Le plus âgé de ces deux hommes était très-grand; il avait des traits italiens fortement prononcés, le nez aquilin, les yeux creux et très-pénétrants; ils semblaient de feu, quand son âme était agitée, et même dans un état de repos, ils gardaient quelque chose de l'emportement des passions. Son visage était maigre, allongé comme après un long jeûne.
L'autre, d'environ quarante ans, avait des traits d'un autre genre.
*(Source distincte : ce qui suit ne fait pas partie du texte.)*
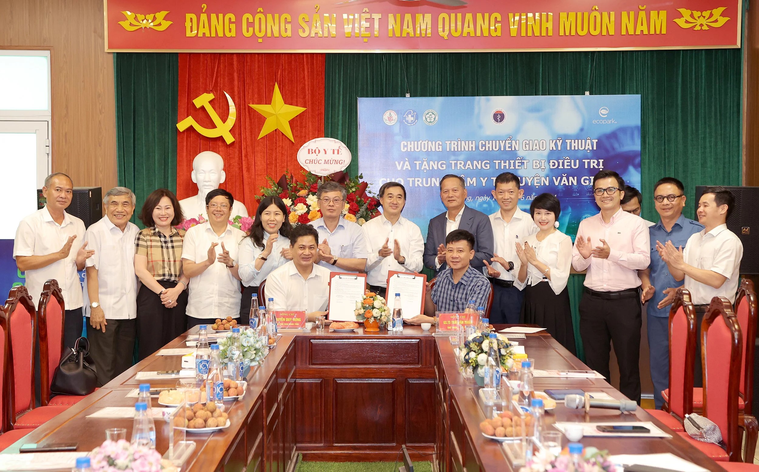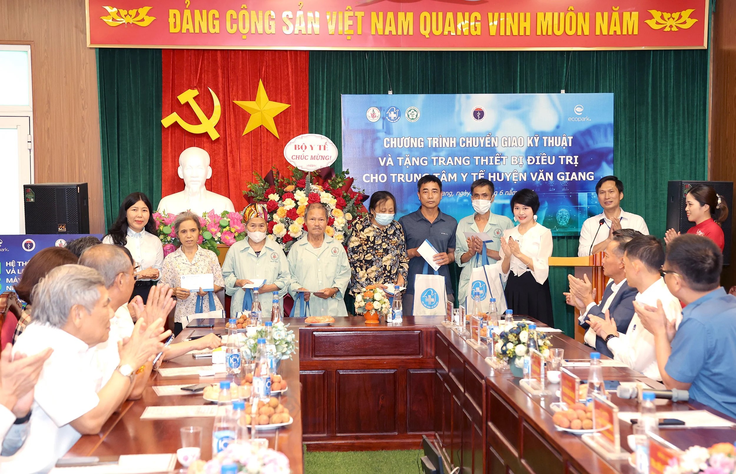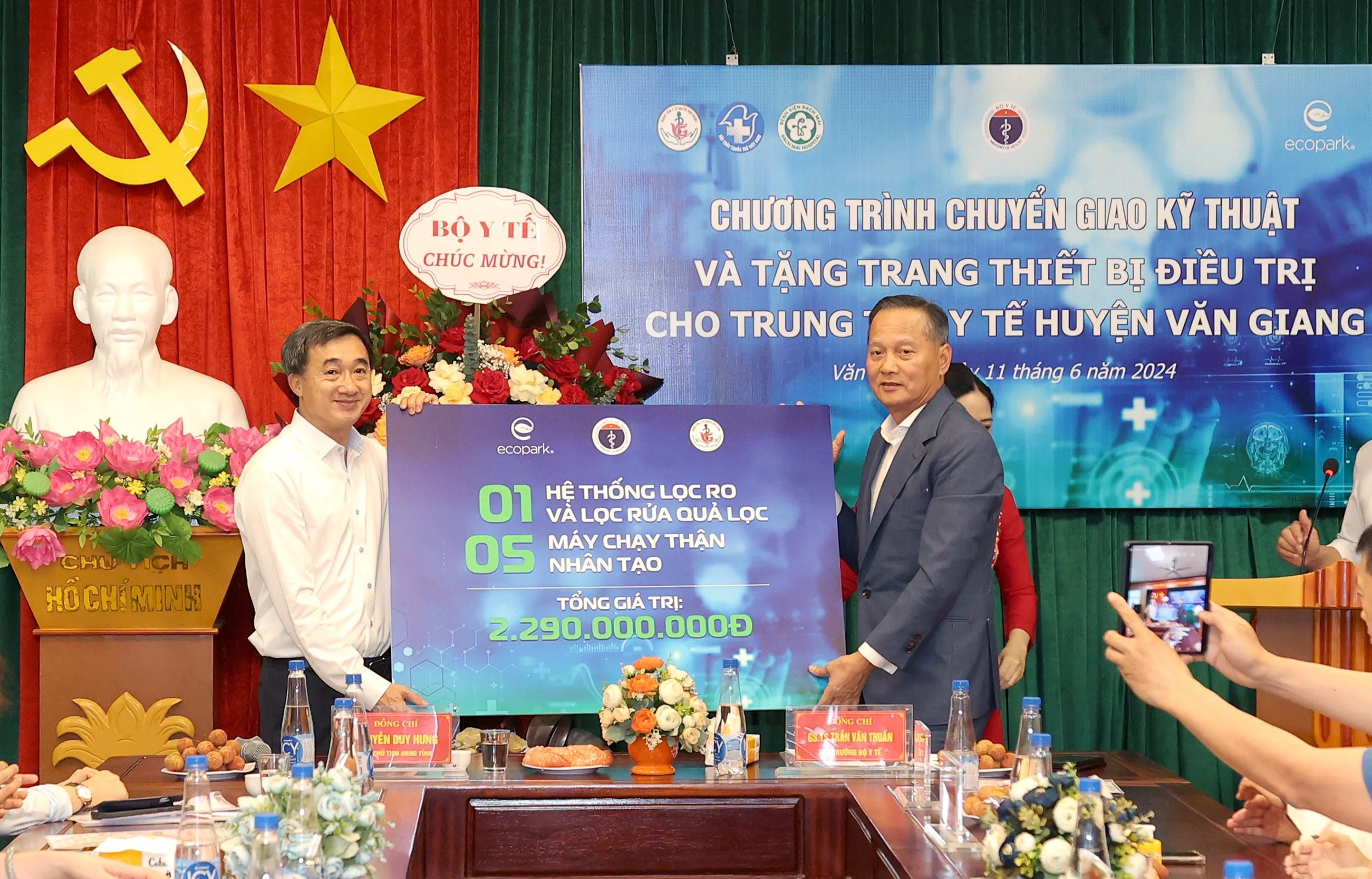 Tại chương trình, Thứ trưởng Bộ Y tế trân trọng cảm ơn Tập đoàn Ecopark đã trao tặng 1 hệ thống lọc RO và lọc rửa quả lọc; 5 máy chạy thận nhân tạo trị giá hơn 2,2 tỷ đồng cho TTYT huyện Văn Giang; đồng thời nhấn mạnh cùng với y tế công, để nâng cao chất lượng chăm sóc sức khỏe nhân dân hơn nữa, rất cần có sự vào cuộc, góp sức ngày càng nhiều hơn của y tế ngoài công lập.

Son regard sournois paraissait fin et subtil; ses yeux, d'un gris noir, étaient petits et très-enfoncés; sa figure presque ovale, irrégulière, et mal dessinée.
Huit autres personnages se trouvaient à la même table; ils étaient tous en uniforme, et gardaient tous une expression plus ou moins forte de férocité, d'astuce ou de libertinage. Emilie les regardait avec timidité, se rappelait la matinée de la veille, et se croyait environnée de bandits. Le lieu de la scène était une salle antique et ténébreuse; une seule fenêtre, haute et gothique, en éclairait l'immensité; deux battants ouverts laissaient voir le rempart de l'ouest et les Apennins.
Le milieu de cette salle s'élevait en dôme; la voûte s'appuyait de trois côtés sur de lourds piliers de marbre; de longues colonnades en partaient et s'étendaient dans l'ombre. Tous les pas des domestiques faisaient résonner les échos; leurs figures, mal distinguées dans une sombre distance, alarmaient fort souvent l'imagination d'Emilie. Elle regardait alternativement Montoni, ses hôtes et la salle; elle se rappelait sa terre natale, sa jolie maison, la simplicité, la bonté des amis qu'elle avait perdus.
Elle observait que Montoni gardait avec ses hôtes un air d'autorité très-marqué. Il y avait aussi quelque chose dans les manières des étrangers, qui, sans être servile, annonçait une grande déférence.
Pendant le dîner, l'entretien ne roula que sur la guerre ou sur la politique; on y parla de Venise, de ses dangers, du caractère du doge régnant, et des principaux sénateurs. Quand le repas fut fini, les convives se levèrent, et chacun remplissant son verre, salua Montoni, but à ses exploits. Montoni portait sa coupe à ses lèvres, quand soudain le vin écuma, s'enfuit par les bords, et brisa le vase en mille pièces.